* **To do**
Return the data below exactly, minus the pictures.

* **Collected material**
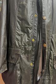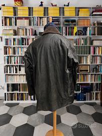 Barbour Border, verde, taglia C42/107 Ladies and gentlemen, I present to you THE HISTORY! Questo pezzo di storia inglese, acquistato a Cambridge nel 1993 e dotato di “carta di identità” originale del tempo, presenta riparazioni effettuate professionalmente con cotone cerato Barbour. Cerata e pulita, ha due piccoli fori su una manica visibili in foto. Trattasi di un autentico esemplare di Barbour reloved, pronto per vivere un’altra ventina d’anni! Il Border è una giacca adatta a tutte le stagioni ed è particolarmente amata da chi predilige un capospalla dalla linea più lunga rispetto ai modelli Bedale e Beaufort. Piccola curiosità: prende il nome dal confine tra Scozia e Inghilterra, che John Barbour, il fondatore di Barbour, attraversò per la prima volta nel 1870.
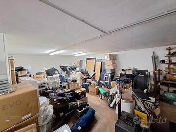 ampio garage / magazzino di 100 mq totali, pavimentato, dotato di impianto di illuminazione e situato al piano interrato in contesto condominiale.
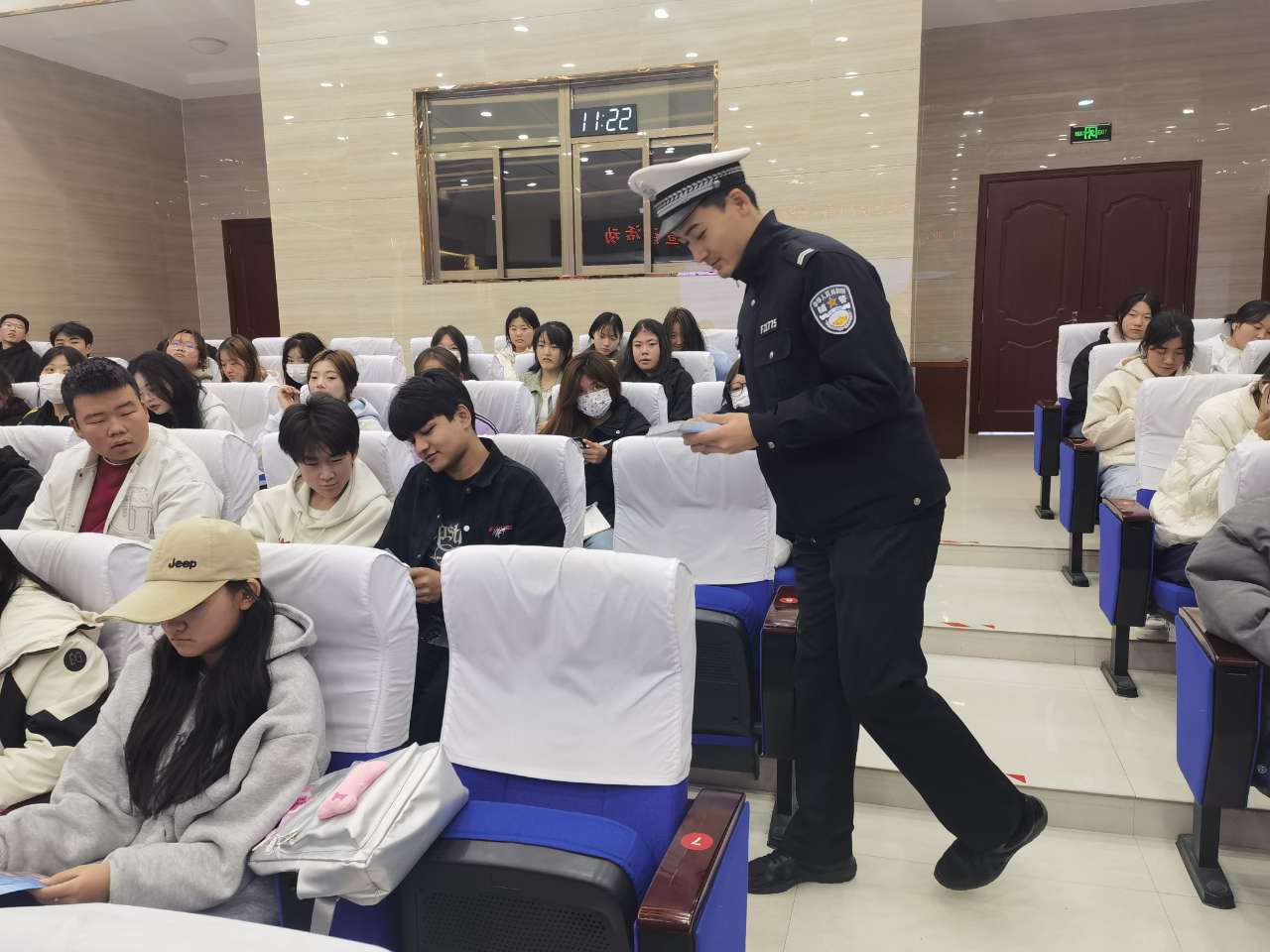 宣講中,王警官?gòu)牟叫?、騎車、乘車、駕車等師生日常出行方式需要注意的交通安全事項(xiàng)出發(fā),生動(dòng)而詳盡地向同學(xué)們講授各種實(shí)用的交通安全知識(shí)。通過案例分析、警示視頻播放等方式,講解“開門殺”“鬼探頭”“酒駕”“不佩戴安全頭盔”等安全隱患的危害,支招“荷式開門法”等正確下車操作方式化解“開門殺”等安全隱患,讓同學(xué)們?cè)谡鎸?shí)交通事故警示視頻中直觀地認(rèn)識(shí)到交通事故的慘烈性、危害性,使同學(xué)們深刻認(rèn)識(shí)到不遵守交通規(guī)則的嚴(yán)重后果。最后,通過發(fā)放宣傳資料并結(jié)合學(xué)生出行特點(diǎn)及學(xué)校周邊道路交通環(huán)境等實(shí)際情況,讓學(xué)生注意“視線盲區(qū)”等危險(xiǎn),讓學(xué)生銘記“寧等三分,不搶一秒”文明禮讓通行警語。

* **Response to this exercise**
 Barbour Border, verde, taglia C42/107 Ladies and gentlemen, I present to you THE HISTORY! Questo pezzo di storia inglese, acquistato a Cambridge nel 1993 e dotato di “carta di identità” originale del tempo, presenta riparazioni effettuate professionalmente con cotone cerato Barbour. Cerata e pulita, ha due piccoli fori su una manica visibili in foto. Trattasi di un autentico esemplare di Barbour reloved, pronto per vivere un’altra ventina d’anni! Il Border è una giacca adatta a tutte le stagioni ed è particolarmente amata da chi predilige un capospalla dalla linea più lunga rispetto ai modelli Bedale e Beaufort. Piccola curiosità: prende il nome dal confine tra Scozia e Inghilterra, che John Barbour, il fondatore di Barbour, attraversò per la prima volta nel 1870.
 ampio garage / magazzino di 100 mq totali, pavimentato, dotato di impianto di illuminazione e situato al piano interrato in contesto condominiale.
 宣講中,王警官?gòu)牟叫?、騎車、乘車、駕車等師生日常出行方式需要注意的交通安全事項(xiàng)出發(fā),生動(dòng)而詳盡地向同學(xué)們講授各種實(shí)用的交通安全知識(shí)。通過案例分析、警示視頻播放等方式,講解“開門殺”“鬼探頭”“酒駕”“不佩戴安全頭盔”等安全隱患的危害,支招“荷式開門法”等正確下車操作方式化解“開門殺”等安全隱患,讓同學(xué)們?cè)谡鎸?shí)交通事故警示視頻中直觀地認(rèn)識(shí)到交通事故的慘烈性、危害性,使同學(xué)們深刻認(rèn)識(shí)到不遵守交通規(guī)則的嚴(yán)重后果。最后,通過發(fā)放宣傳資料并結(jié)合學(xué)生出行特點(diǎn)及學(xué)校周邊道路交通環(huán)境等實(shí)際情況,讓學(xué)生注意“視線盲區(qū)”等危險(xiǎn),讓學(xué)生銘記“寧等三分,不搶一秒”文明禮讓通行警語。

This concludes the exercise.